## About this task:
Every line from the one with "在有生之年2.0【韶顏傾城】" through the final line of the data below goes in the answer, copied exactly. Pictures do not.

· · · · · · ·

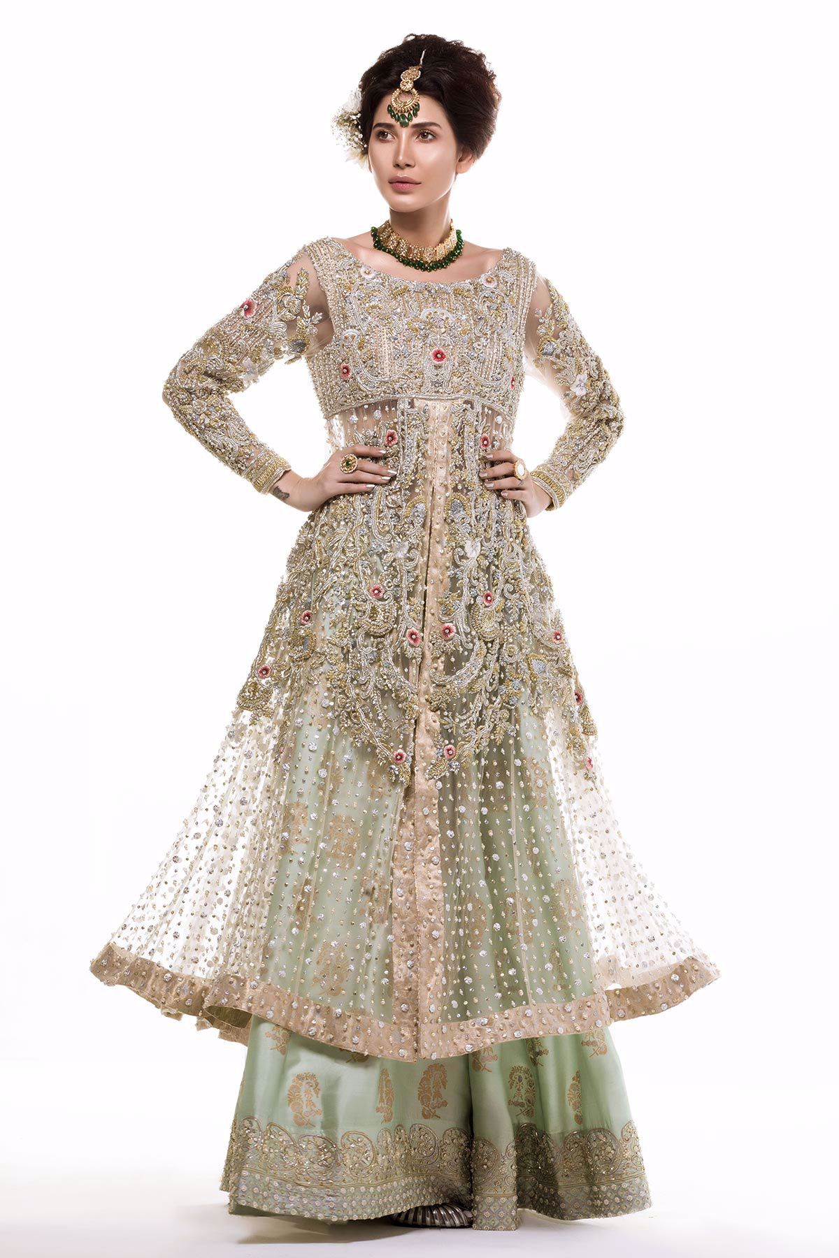 A timeless possession, this super gorgeous white and silver long flared silhouette features an array of hand embroidered techniques. From gorgeous silk threads floral rosettes to dabka and mukesh, this outfit has it all.. This head turning ensemble comes with hand block printed dhaka pants with crystals and pearls embellishments on the hemline.
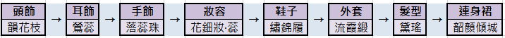 在有生之年2.0【韶顏傾城】中,許多部件的製作會使用到本套裝其他部件。例如手飾落蕊珠,其中一個材料就需要【韶顏傾城】的頭飾韻花枝。因此,強烈建議各位搭配師本套裝製作順序為:
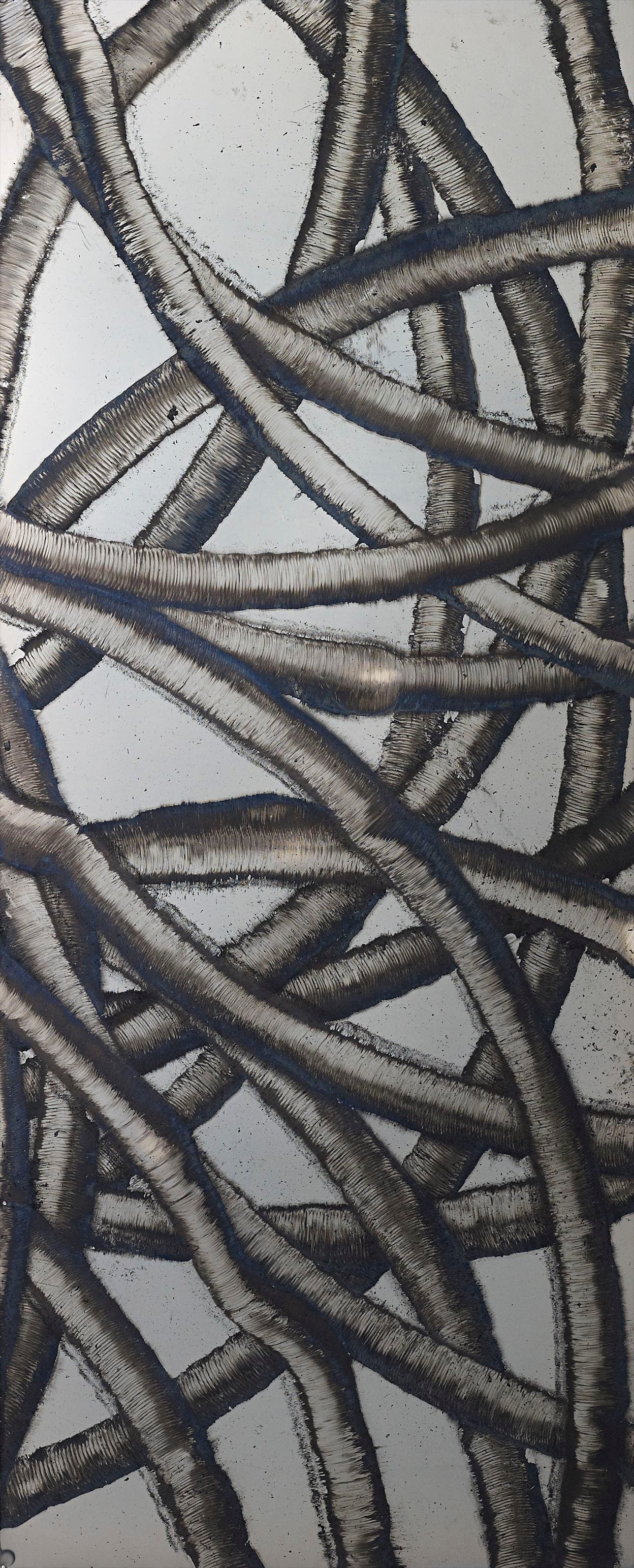 oil, acrylic and burnt rubber on aluminium
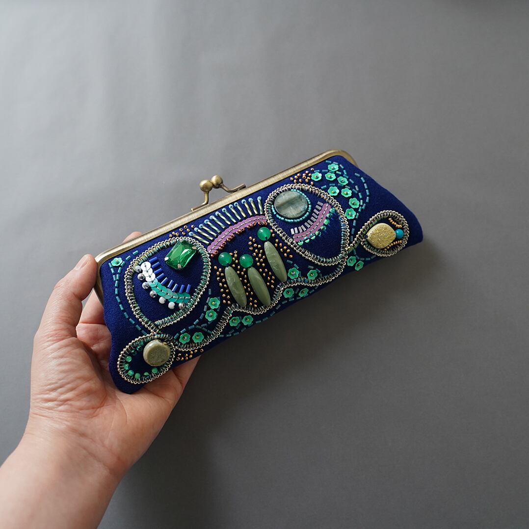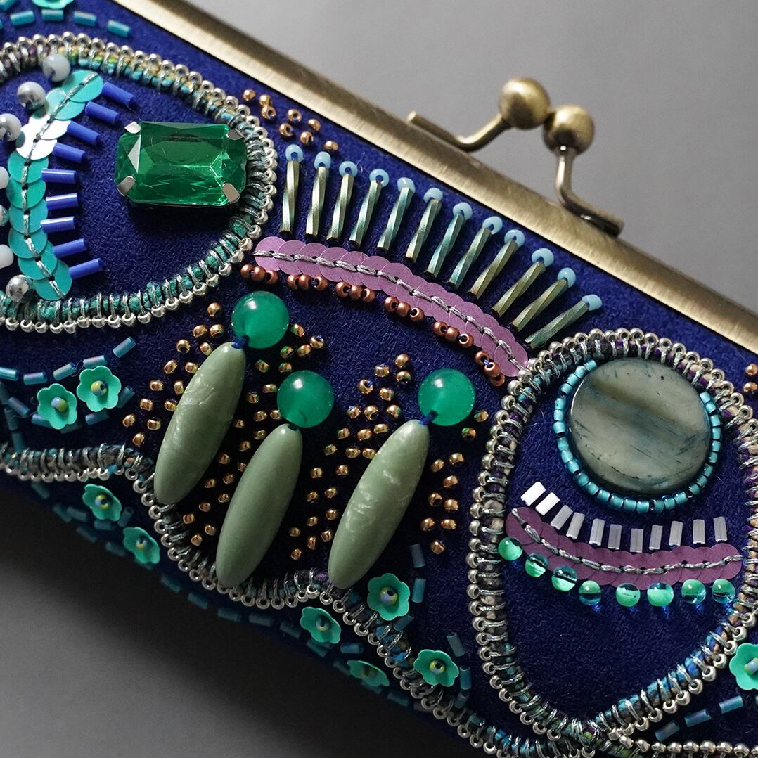 眼鏡ケースにも ビーズ刺繍のペンケースがま口 18 ブルー 一点もの 送料無料 クリスマス 母の日 ギフト
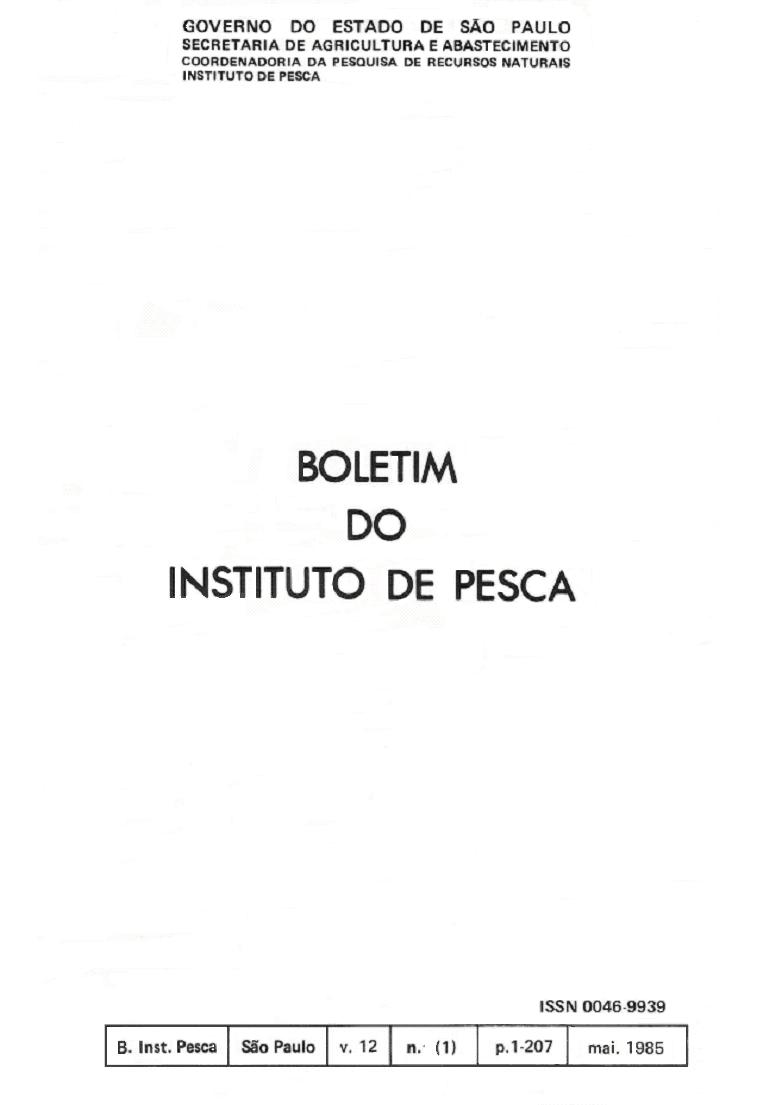 Vol. 12 No. 1 (1985): BOLETIM DO INSTITUTO DE PESCA
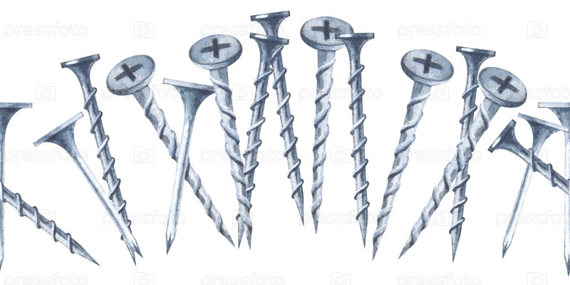 Бесшовная оболочка с железными винтами и гвоздями на изолированном фоне. Акварельная иллюстрация реалистичных строительных инструментов. Услуги по ремонту дома и строительству

· · · · · · ·

## Finished task:
 在有生之年2.0【韶顏傾城】中,許多部件的製作會使用到本套裝其他部件。例如手飾落蕊珠,其中一個材料就需要【韶顏傾城】的頭飾韻花枝。因此,強烈建議各位搭配師本套裝製作順序為:
 oil, acrylic and burnt rubber on aluminium
 眼鏡ケースにも ビーズ刺繍のペンケースがま口 18 ブルー 一点もの 送料無料 クリスマス 母の日 ギフト
 Vol. 12 No. 1 (1985): BOLETIM DO INSTITUTO DE PESCA
 Бесшовная оболочка с железными винтами и гвоздями на изолированном фоне. Акварельная иллюстрация реалистичных строительных инструментов. Услуги по ремонту дома и строительству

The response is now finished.